A diptych is two images often stacked vertically but can be horizontal.  A triptych (3 images) is more often seen horizontally.  A tetratych (4 images) is usually either horizontally or in a group of 4 in the shape of a square or rectangle.

June 2015 – What is Kolinsky Sable?
This is a case in which you get what you pay for – which will be a lot!  the gold standard is the Winsor Newton Series 7 brush.  I have never painted with one but, I hear they are really nice, hold tons of paint and water but still spring back to a point which is the problem with most hair brushes.  This hair comes from a really cute vicious little guy, Mustela Sibirica.  It is the winter hair from the talke of the male Siberian Weasel – not even sable or marten at all.  Some brushes are a combination of 40% winter female tail hair and 60% winter male tail hair.  I have two of those.  They bend over as the moisture floats onto the page ending up looking like a sloppy J.  They are Richeson 6882 PURE KOLINSKY 14 and Cheap Joe’s Legend Sable 10 Germany.  I have learned to use them with a very light touch and I mean very light.  So that’s kind of a bummer.  I also have a couple from CJ’s Dragons’ Tongue series featuring Tajmyr region sable hair again not a weasel as they are good at springing back and holding water/paint, and one CJ Lizard’s Lick #6 round whose name conjures up a strange scene but basically the same brush with a long skinny point.  Haven’t figured out how to use it yet but it’s kind of like a rigger.  AND I just got some Creative Mark Rhapsody round Kolinsky Sable brushes that are performing really well – not again not the weasel.   but then none of them say weasel on the description so maybe they went for the cute name instead of the vicious blood thirsty little varmint it is.  In 2014 the U.S. Fish and Wildlife declared importation of Kolinsky fur illegal which is kind of odd since it is considered a pest in all of northern Russia and China but there you go.  So brushes are hard to come by now unless the producer bought the hair from their dead little bodies before the ban.  Yes, they are killed before they are shaved.  For some this will be the end of wanting one for others not so much. Anyway, you know about the ban now.  Some manufacturers that are here in the USA that have hair are:  Escoda, Rosemary Brushes, Winsor Newton, Richeson, Isaby, Cheap Joe’s and Creative Mark.  However they can no longer import already made brushes from their international locations.

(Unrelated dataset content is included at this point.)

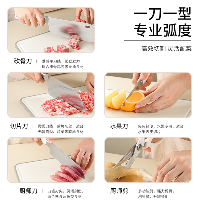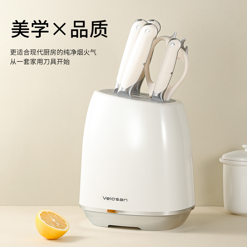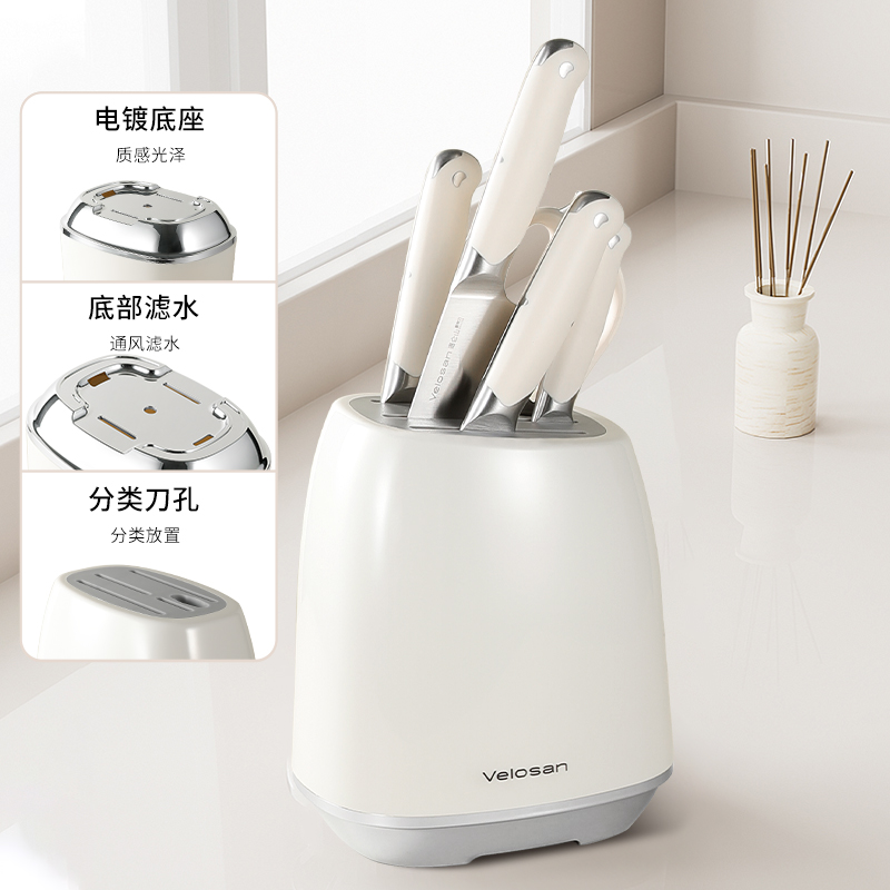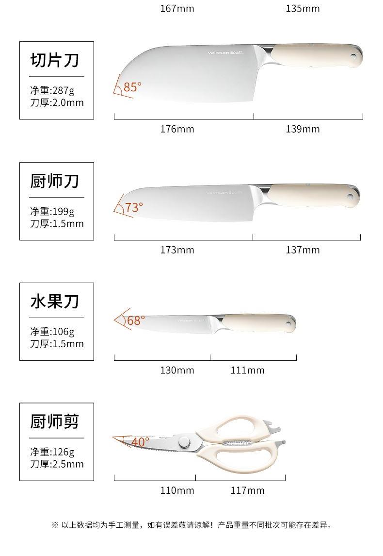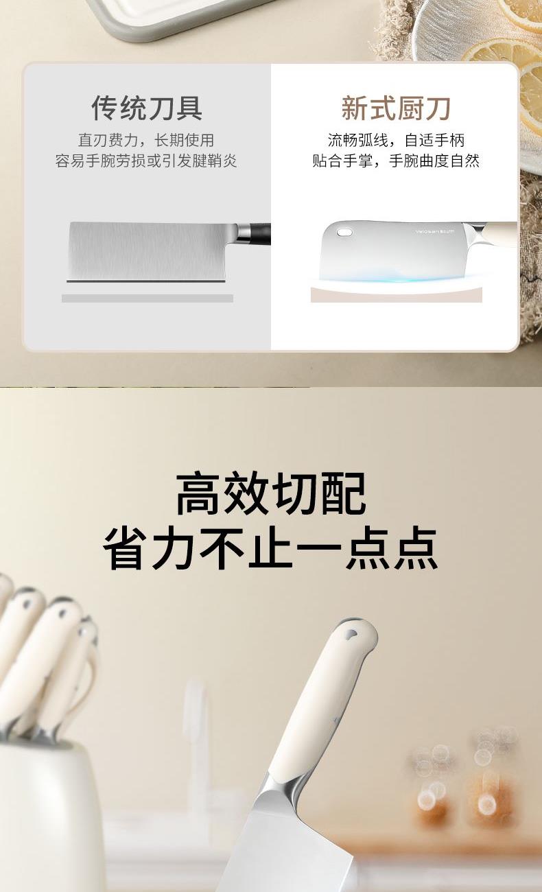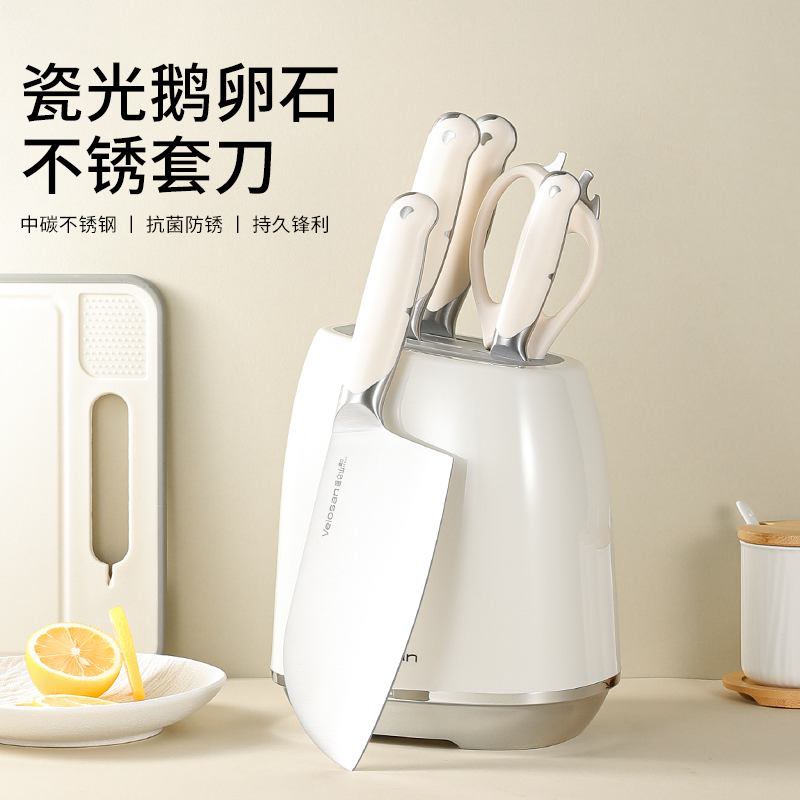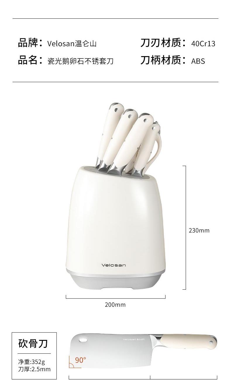 【型号】VE075 【SKU】VE075-WW02 【材质】不锈钢+PP 【规格】砍骨刀、菜刀、厨师刀、水果刀、厨师剪、收纳底座共6件。 【净重】1.4kg 【毛重】1.8kg 【包装方式】邮购盒 【包装尺寸】160*235*355 mm 【颜色】 奶白色 4CR13材质,持久锋利,无需磨刃; 物理防锈,无需涂层; 防滑手柄,舒适握感; 可拆刀座,清洗方便; 收纳自如,秩序规整。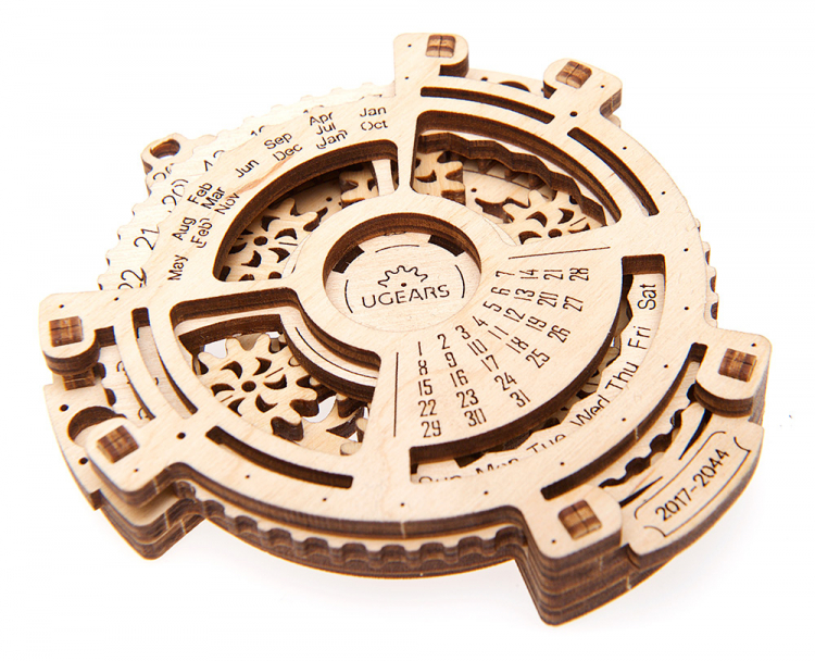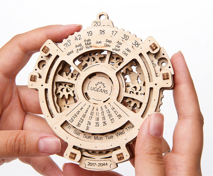 Date Navigator hjälper till att identifiera veckodagen för alla datum från 2017 till 2044. Den är monterad utan lim som alla UGEARS-modeller.

May 2015 –   Granulated Pigments
Paint that granulates is made up of binder and particles that are so heavy they sink to the bottom of fine watercolor paper adding great texture.  My favorite all around granulating color is French Ultramarine Blue.  So when you mix it with say my other favorite color, Burnt Sienna, it makes a range of blues through greys to rust.  Here are a few others you night now know of.  Sometimes granulating colors are made from ground minerals.  The tiny particles fall to the depressions in the paper.  They are really pretty.  See the May 2015 newsletter for photos of Rose of Ultramarine, Undersea green and Cascade Green.  These are made by Daniel Smith Paint Company. 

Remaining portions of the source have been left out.